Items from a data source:
=== Section Start ===
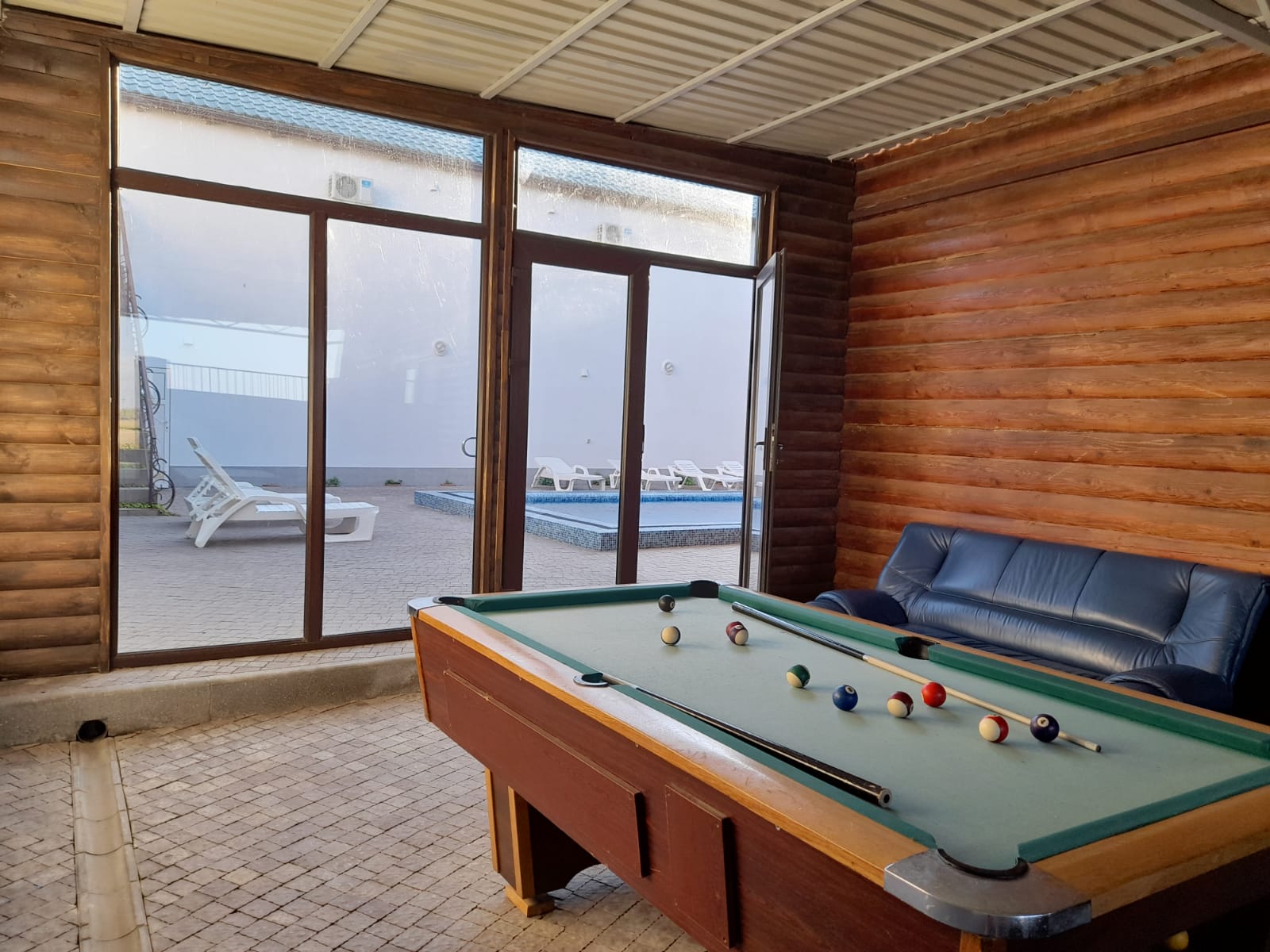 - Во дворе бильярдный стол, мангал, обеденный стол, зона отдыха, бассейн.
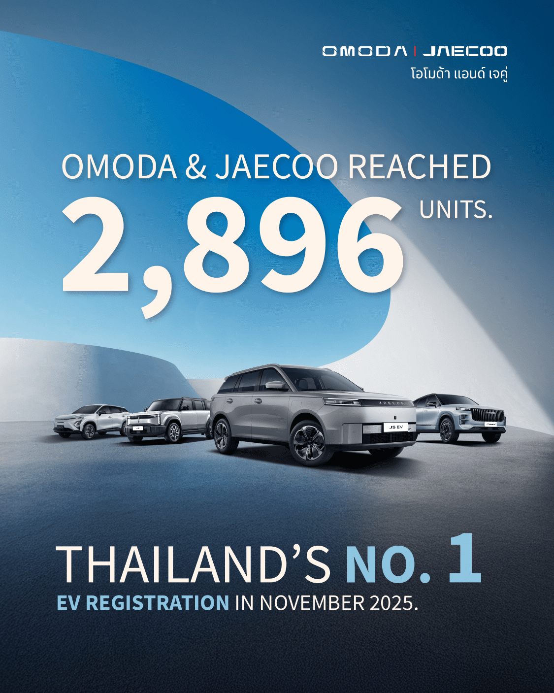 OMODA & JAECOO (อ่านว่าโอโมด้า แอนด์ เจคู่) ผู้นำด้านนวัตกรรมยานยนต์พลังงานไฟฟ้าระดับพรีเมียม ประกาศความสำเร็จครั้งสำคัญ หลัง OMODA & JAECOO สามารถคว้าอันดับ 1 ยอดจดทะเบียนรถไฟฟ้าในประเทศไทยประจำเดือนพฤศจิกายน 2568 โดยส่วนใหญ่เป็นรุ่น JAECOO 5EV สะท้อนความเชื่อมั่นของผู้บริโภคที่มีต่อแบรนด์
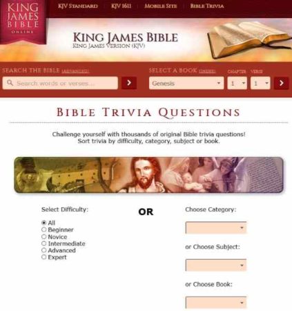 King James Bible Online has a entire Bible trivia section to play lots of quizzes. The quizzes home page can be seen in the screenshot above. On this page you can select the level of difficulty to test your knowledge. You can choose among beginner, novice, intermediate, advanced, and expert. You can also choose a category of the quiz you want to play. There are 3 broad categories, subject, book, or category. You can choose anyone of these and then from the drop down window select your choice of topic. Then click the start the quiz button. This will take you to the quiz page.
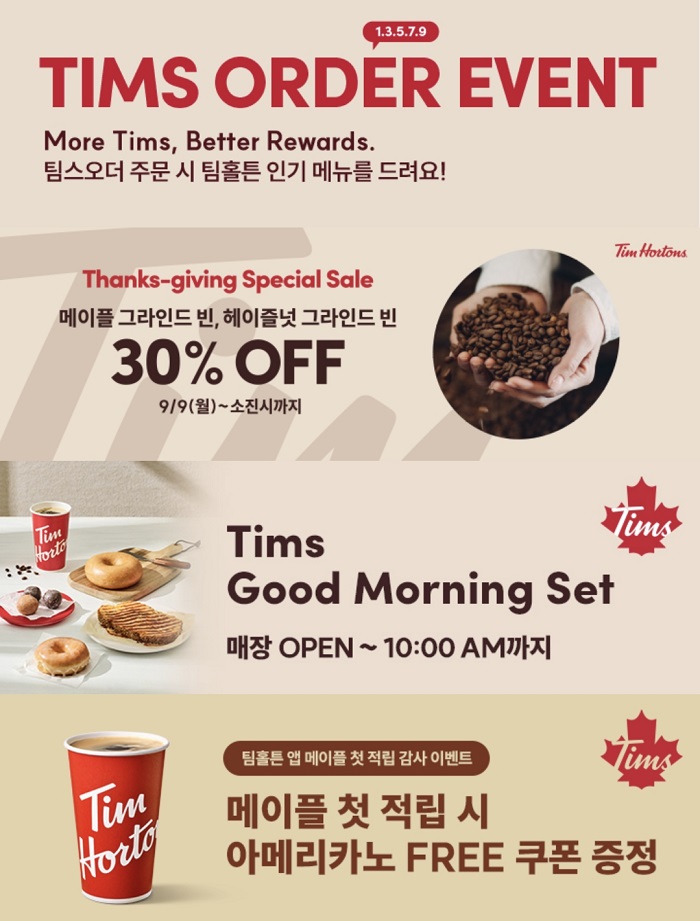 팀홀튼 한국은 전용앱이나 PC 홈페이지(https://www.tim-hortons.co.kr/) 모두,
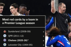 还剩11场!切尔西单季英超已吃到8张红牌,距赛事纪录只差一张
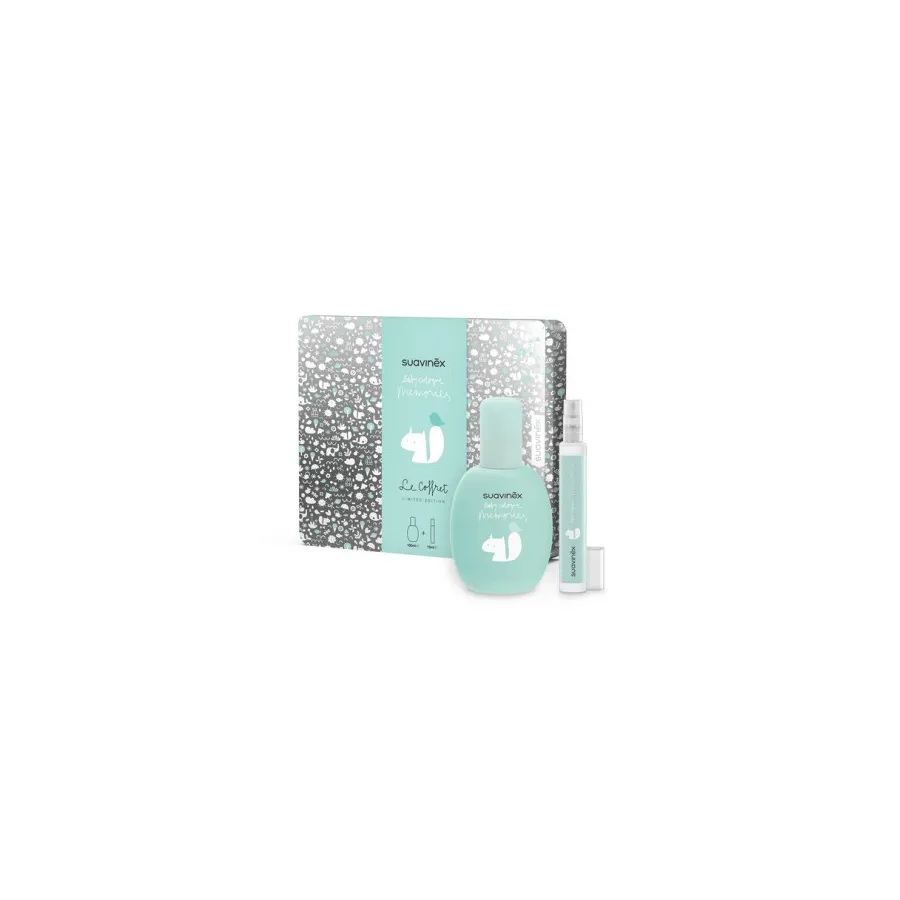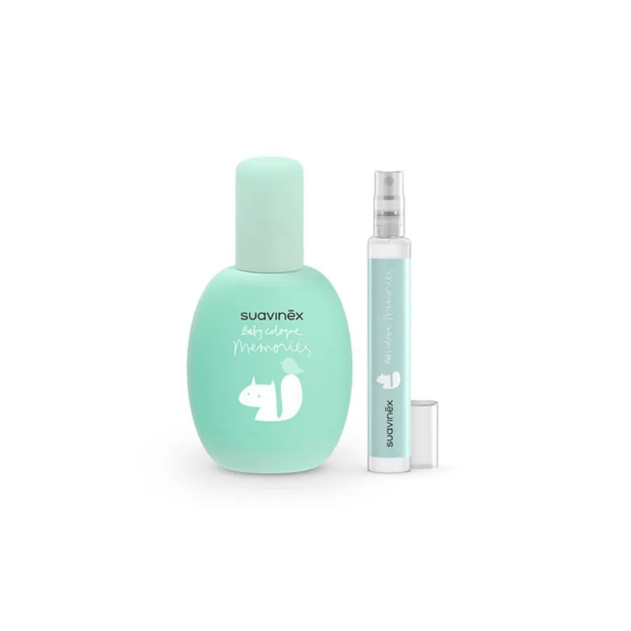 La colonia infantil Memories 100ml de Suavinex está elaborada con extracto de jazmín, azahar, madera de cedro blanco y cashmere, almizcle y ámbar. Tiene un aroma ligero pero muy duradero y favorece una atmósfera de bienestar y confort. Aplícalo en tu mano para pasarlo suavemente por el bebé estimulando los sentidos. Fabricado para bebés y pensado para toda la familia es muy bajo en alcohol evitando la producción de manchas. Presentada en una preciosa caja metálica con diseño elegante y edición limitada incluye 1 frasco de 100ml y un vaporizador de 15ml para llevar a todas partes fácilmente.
=== Section End ===
Task details:
Could you repeat all of the entries exactly, without any of the images?

Answer section:
 - Во дворе бильярдный стол, мангал, обеденный стол, зона отдыха, бассейн.
 OMODA & JAECOO (อ่านว่าโอโมด้า แอนด์ เจคู่) ผู้นำด้านนวัตกรรมยานยนต์พลังงานไฟฟ้าระดับพรีเมียม ประกาศความสำเร็จครั้งสำคัญ หลัง OMODA & JAECOO สามารถคว้าอันดับ 1 ยอดจดทะเบียนรถไฟฟ้าในประเทศไทยประจำเดือนพฤศจิกายน 2568 โดยส่วนใหญ่เป็นรุ่น JAECOO 5EV สะท้อนความเชื่อมั่นของผู้บริโภคที่มีต่อแบรนด์
 King James Bible Online has a entire Bible trivia section to play lots of quizzes. The quizzes home page can be seen in the screenshot above. On this page you can select the level of difficulty to test your knowledge. You can choose among beginner, novice, intermediate, advanced, and expert. You can also choose a category of the quiz you want to play. There are 3 broad categories, subject, book, or category. You can choose anyone of these and then from the drop down window select your choice of topic. Then click the start the quiz button. This will take you to the quiz page.
 팀홀튼 한국은 전용앱이나 PC 홈페이지(https://www.tim-hortons.co.kr/) 모두,
 还剩11场!切尔西单季英超已吃到8张红牌,距赛事纪录只差一张
 La colonia infantil Memories 100ml de Suavinex está elaborada con extracto de jazmín, azahar, madera de cedro blanco y cashmere, almizcle y ámbar. Tiene un aroma ligero pero muy duradero y favorece una atmósfera de bienestar y confort. Aplícalo en tu mano para pasarlo suavemente por el bebé estimulando los sentidos. Fabricado para bebés y pensado para toda la familia es muy bajo en alcohol evitando la producción de manchas. Presentada en una preciosa caja metálica con diseño elegante y edición limitada incluye 1 frasco de 100ml y un vaporizador de 15ml para llevar a todas partes fácilmente.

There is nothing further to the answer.